I'm from the state that has Communists (urban liberals) contolling the state legislature -- MN


----------



## carp_killer (Nov 24, 2006)

mn


----------



## shae1986 (Sep 28, 2006)

MN


----------



## LAtrapper (Feb 5, 2007)

good old louisiana


----------



## 280IM (Mar 28, 2005)

Where is Louisiana? Is't it a part of Texas? :beer: :lol: :lol:


----------



## gundogguru (Oct 7, 2003)

I'm from South Carolina.


----------



## Doogie (Feb 23, 2007)

NW Montana here my mom was raised in NE North Dakota


----------



## redfishman (Apr 3, 2004)

South Louisiana-


----------



## weasle414 (Dec 31, 2006)

The American anex of the Canadian Provence of Buffalo, MN.


----------



## diver_sniper (Sep 6, 2004)

Back and forth between MN and ND, it's hard to say where you actually live when you're in college. I love seeing the non ND people posting up though.

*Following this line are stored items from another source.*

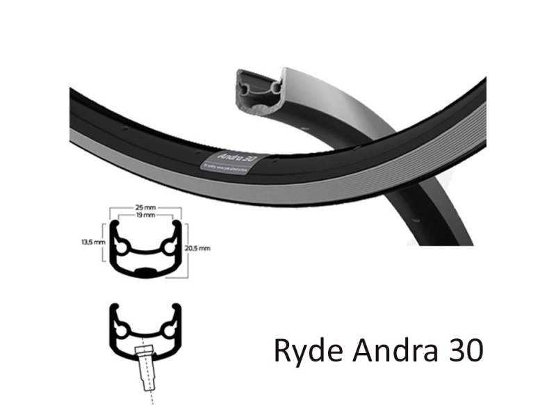 Felge 28'' 19-622 RYDE Andra30 schwarz 36 Loch o.Ösen seitlich geschliffen VL6,5 gepunzt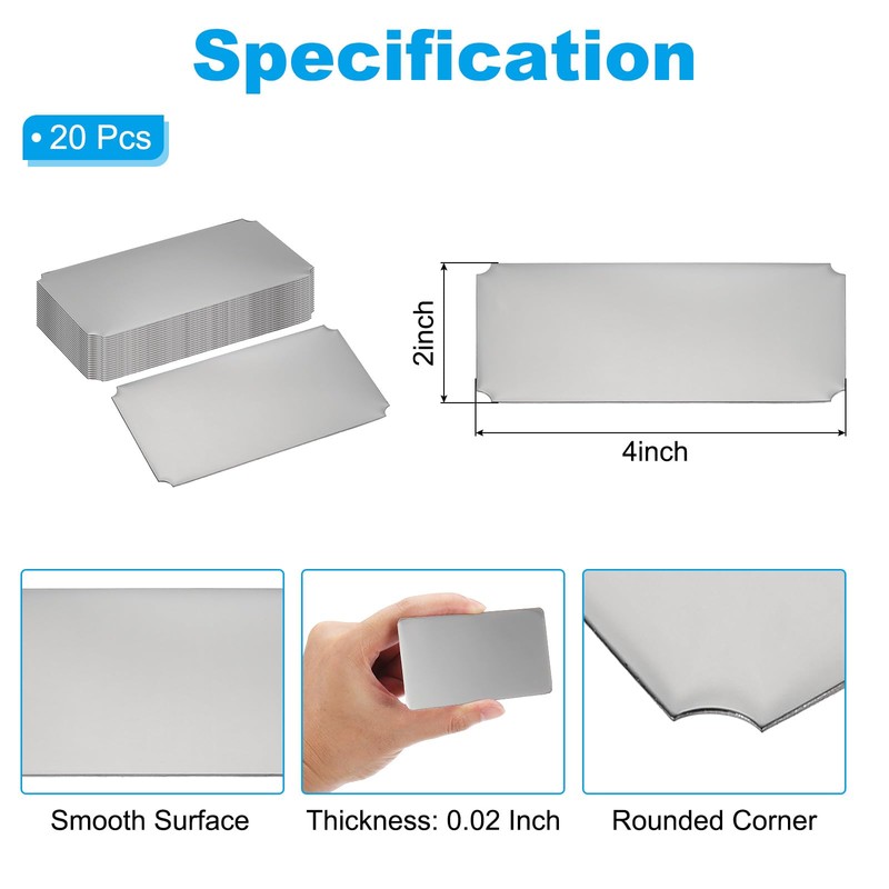 - Color: Black; Material: Stainless Steel; Thickness: 0.02 Inch; Size: 4x2 inch (L*W); Packing List: 20 x Blank Name Plates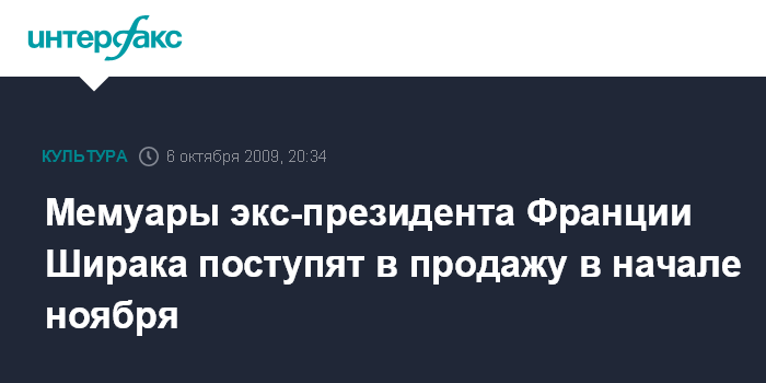 Париж. 6 октября. INTERFAX.RU - Книжные магазины Франции 5 ноября начнут продавать первый том мемуаров бывшего президента Франции Жака Ширака, сообщают во вторник парижские СМИ.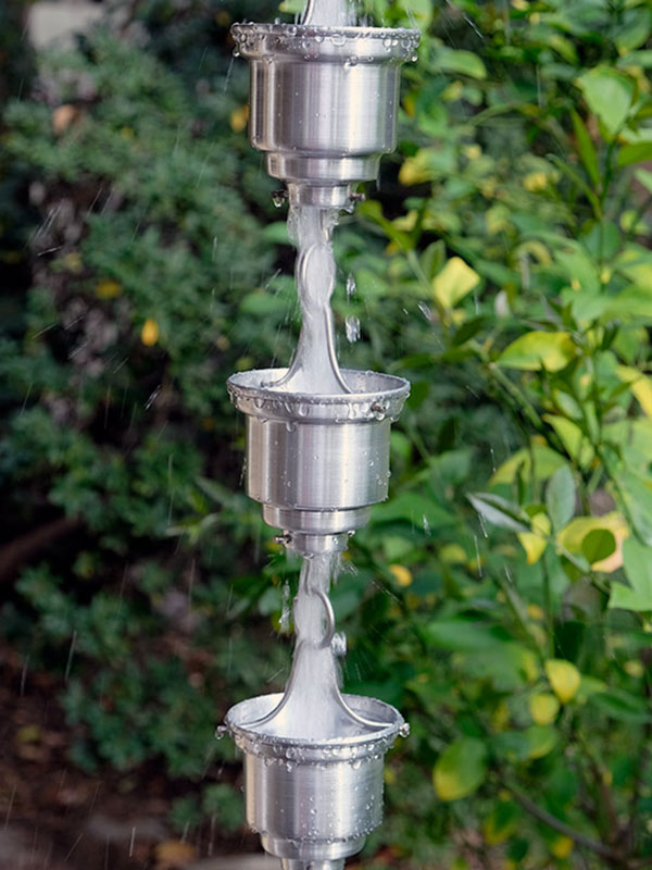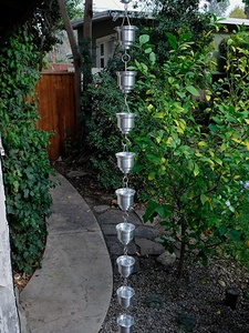 This original design has vertical, smooth surfaces and a stepped expression ("Naoki" means 'straight' or 'upright' in Japanese). Made of thick, pure unfinished aluminum, the cups have a folded lip at the top and are very stiff. The ring between the connecting wires adds a beautiful finishing touch to the design. All wires and hardware are high grade stainless steel.

Helps to see different points of view, different norms, and different ways of doing things.


----------



## Skip OK (Jul 16, 2006)

Oklahoma


----------



## Horsager (Aug 31, 2006)

MN would be a fine state if you'd annex the SE portion into WI.


----------



## bratlabs (Mar 11, 2005)

Wisconsin. We already have the north part of IL, now you want to give us part of MN too. :lol:


----------



## Horsager (Aug 31, 2006)

bratlabs said:


> Wisconsin. We already have the north part of IL, now you want to give us part of MN too. :lol:


Fair enough. Maybe they could give it to the Iwegians.


----------



## bratlabs (Mar 11, 2005)

Nobody wants to go to Iowa, atleast not voluntarily. oke: :lol:


----------



## DuckerIL (Dec 9, 2005)

Central Illinois, Springfield


----------



## Lucky Lab (Apr 28, 2006)

Iowa but my heart stays in the great state of North Dakota


----------



## MrSafety (Feb 22, 2005)

MN............mind in the Dakotas most of the time.......


----------



## jd mn/nd (Apr 8, 2004)

I live in MN however MY blood is from ND, as are most of my relatives, but you never know what life will throw at you, no matter what happens the next time I move it will be to ND.


----------



## mallardhunter (May 15, 2004)

I am from Aberdeen, SD thats pretty close to ND


----------



## jd mn/nd (Apr 8, 2004)

I live in MN however MY blood is from ND, as are most of my relatives, but you never know what life will throw at you, no matter what happens the next time I move it will be to ND.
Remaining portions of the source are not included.